= Chaukune Rural Municipality =

Rural municipality in Karnali Province, Nepal

Chaukune (चौकुने गाउँपालिका) is a rural municipality located in Surkhet District of Karnali Province of Nepal.

==Demographics==
At the time of the 2011 Nepal census, Chaukune Rural Municipality had a population of 25,240. Of these, 82.4% spoke Nepali, 16.4% Magar, 0.7% Raji, 0.2% Maithili, 0.1% Gurung, 0.1% Bhojpuri and 0.1% other languages as their first language.

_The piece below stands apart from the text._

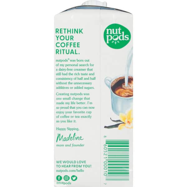 Rethink your coffee ritual. Nutpods was born out of my personal search for a dairy-free creamer that still had the rich taste and consistency of half and half without the unnecessary additives or added sugars. Creating Nutpods was one small change that made my life better. I’m so proud that you can now enjoy your favorite cup of coffee or tea exactly as you like it. Happy Sipping, – Madeline, Mom and Founder. Carrageenan-free. FSC: Mix – Board. Please recycle.

In terms of ethnicity/caste, 28.9% were Chhetri, 25.2% Kami, 19.0% Magar, 14.6% Hill Brahmin, 6.2% Damai/Dholi, 2.1% Thakuri, 0.7% Raji, 0.7% Sanyasi/Dasnami, 0.6% Gurung, 0.4% Lohar, 0.4% Newar, 0.4% Sarki, 0.2% Badi, 0.2% Bengali, 0.2% Majhi, 0.1% Tamang, 0.1% other Terai, 0.1% Tharu and 0.1% others.

In terms of religion, 87.1% were Hindu, 12.4% Buddhist and 0.5% Christian.

In terms of literacy, 66.5% could read and write, 3.5% could only read and 29.9% could neither read nor write.